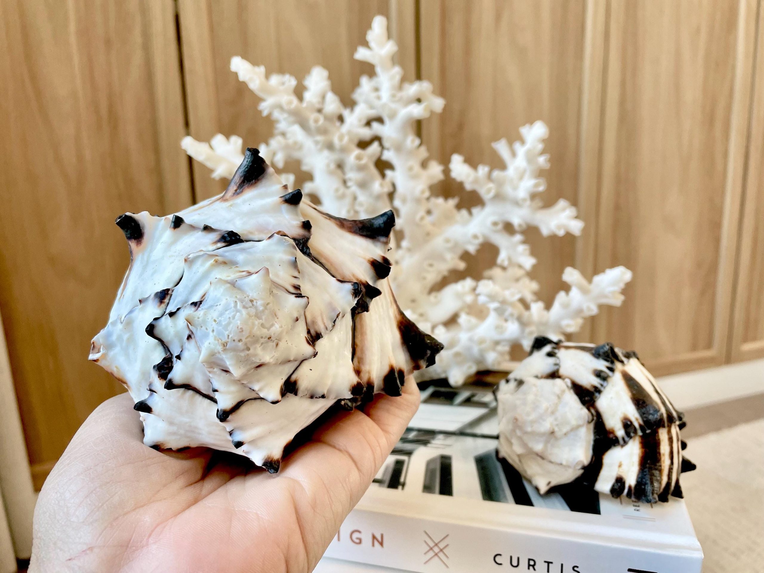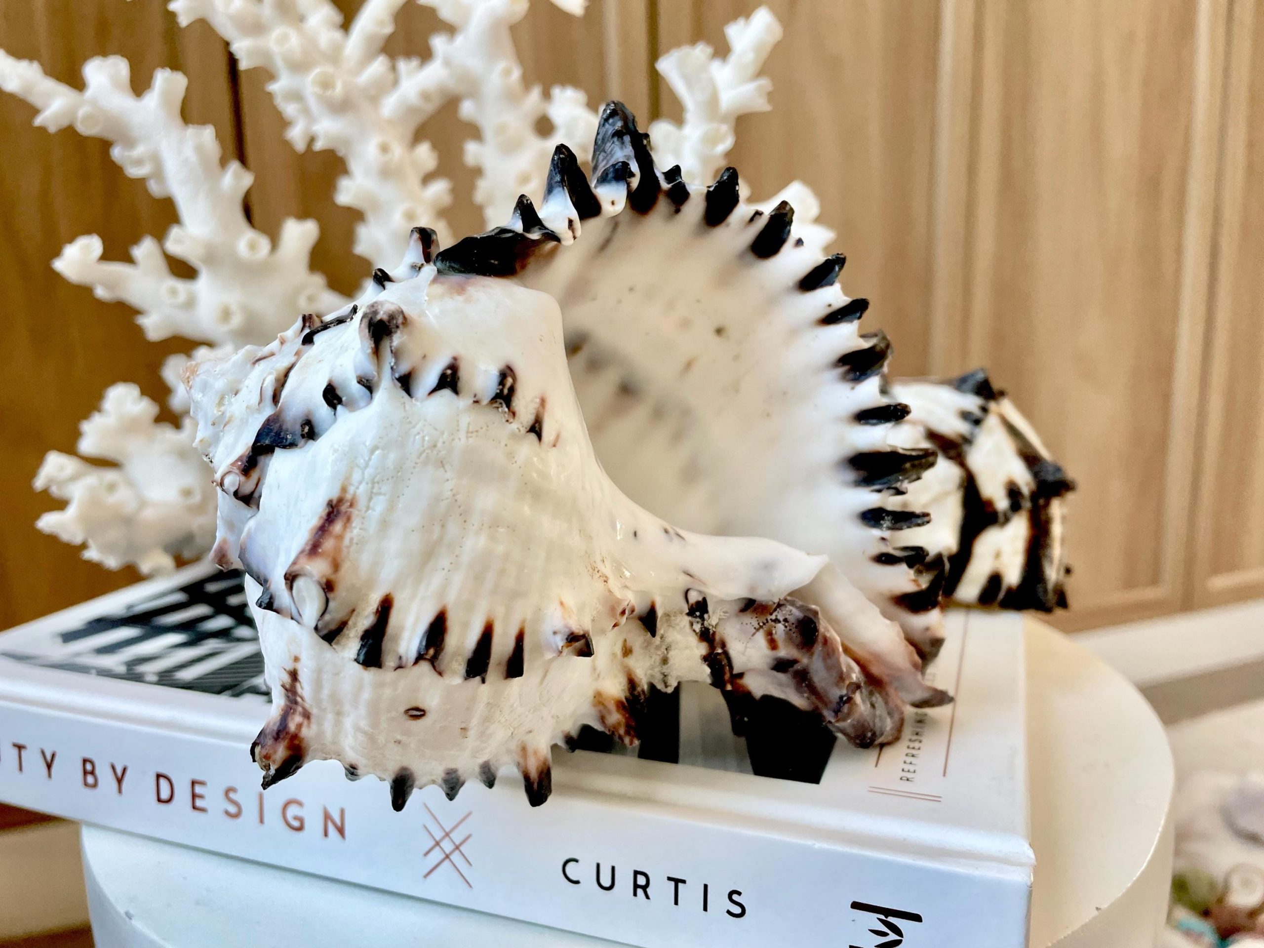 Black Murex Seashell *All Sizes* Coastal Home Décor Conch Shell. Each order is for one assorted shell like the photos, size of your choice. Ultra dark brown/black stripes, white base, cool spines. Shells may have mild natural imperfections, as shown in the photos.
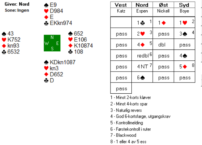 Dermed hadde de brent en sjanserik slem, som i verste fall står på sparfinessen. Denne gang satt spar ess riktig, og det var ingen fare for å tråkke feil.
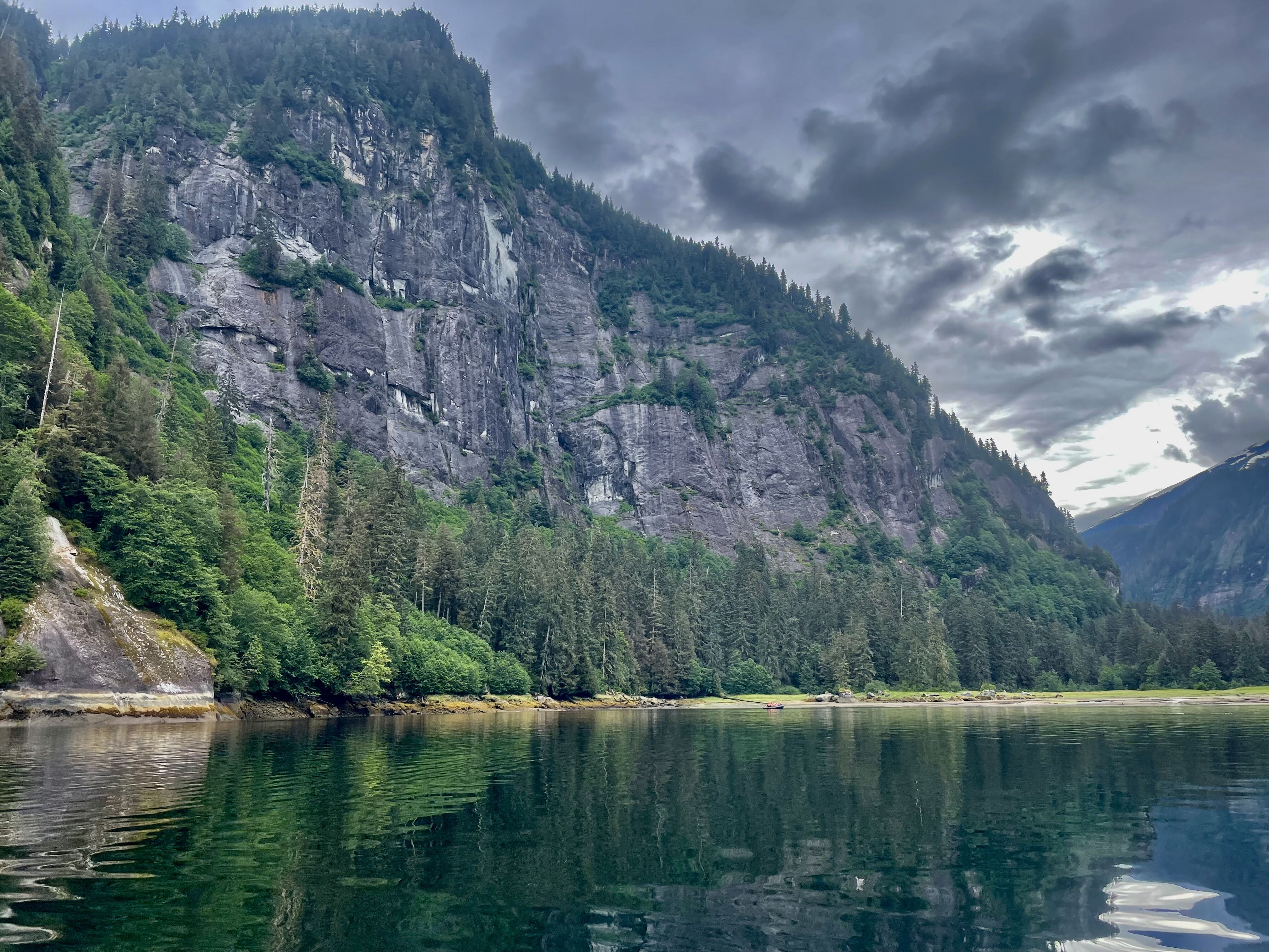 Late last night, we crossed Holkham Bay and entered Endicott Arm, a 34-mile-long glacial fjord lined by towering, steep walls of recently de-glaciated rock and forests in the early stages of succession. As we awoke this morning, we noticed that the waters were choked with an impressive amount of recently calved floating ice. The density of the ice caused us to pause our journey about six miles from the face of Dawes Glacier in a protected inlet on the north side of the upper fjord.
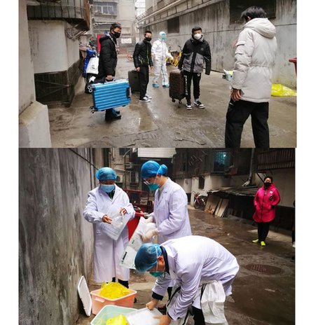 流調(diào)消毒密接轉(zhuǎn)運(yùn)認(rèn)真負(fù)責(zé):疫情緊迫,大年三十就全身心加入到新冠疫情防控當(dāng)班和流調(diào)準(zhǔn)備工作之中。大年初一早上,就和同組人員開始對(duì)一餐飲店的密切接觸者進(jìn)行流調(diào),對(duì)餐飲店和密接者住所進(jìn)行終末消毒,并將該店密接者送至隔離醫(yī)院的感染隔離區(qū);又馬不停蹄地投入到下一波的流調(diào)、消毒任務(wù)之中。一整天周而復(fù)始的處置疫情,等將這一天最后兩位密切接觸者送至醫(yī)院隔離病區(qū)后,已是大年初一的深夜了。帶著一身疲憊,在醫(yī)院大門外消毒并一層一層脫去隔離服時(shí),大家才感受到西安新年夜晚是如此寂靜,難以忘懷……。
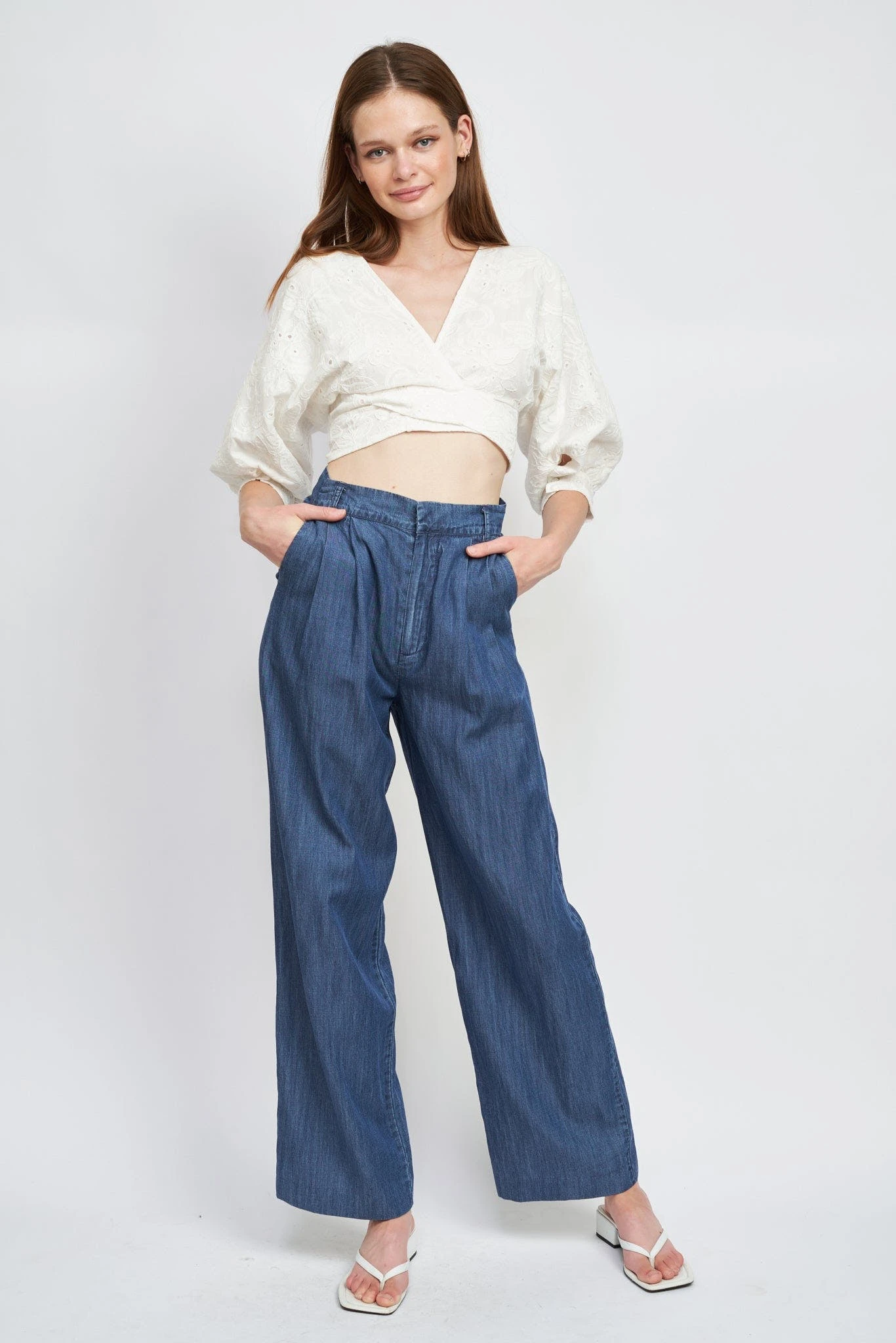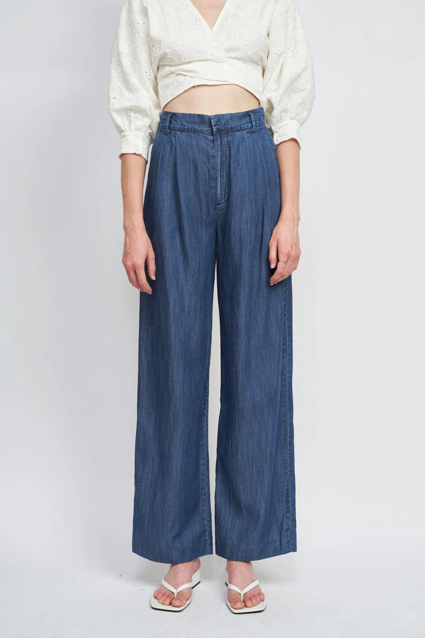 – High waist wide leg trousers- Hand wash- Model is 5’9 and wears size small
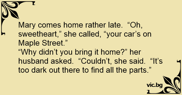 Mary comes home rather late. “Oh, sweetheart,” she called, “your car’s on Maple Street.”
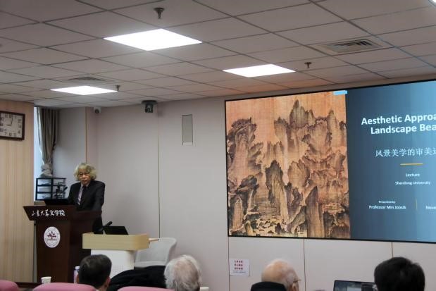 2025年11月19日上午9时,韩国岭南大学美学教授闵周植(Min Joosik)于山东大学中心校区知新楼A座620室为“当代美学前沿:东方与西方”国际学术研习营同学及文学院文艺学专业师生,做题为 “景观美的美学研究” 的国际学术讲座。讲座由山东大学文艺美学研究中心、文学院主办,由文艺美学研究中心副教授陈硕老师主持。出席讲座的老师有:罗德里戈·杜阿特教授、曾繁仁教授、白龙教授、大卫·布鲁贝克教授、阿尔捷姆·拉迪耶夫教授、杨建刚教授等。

+ + + + +

> **Work task**: Without the pictures, repeat the line with "Mary comes home" and every line after it to the end of the listing, and nothing else.

> **Task response**:
 Mary comes home rather late. “Oh, sweetheart,” she called, “your car’s on Maple Street.”
 2025年11月19日上午9时,韩国岭南大学美学教授闵周植(Min Joosik)于山东大学中心校区知新楼A座620室为“当代美学前沿:东方与西方”国际学术研习营同学及文学院文艺学专业师生,做题为 “景观美的美学研究” 的国际学术讲座。讲座由山东大学文艺美学研究中心、文学院主办,由文艺美学研究中心副教授陈硕老师主持。出席讲座的老师有:罗德里戈·杜阿特教授、曾繁仁教授、白龙教授、大卫·布鲁贝克教授、阿尔捷姆·拉迪耶夫教授、杨建刚教授等。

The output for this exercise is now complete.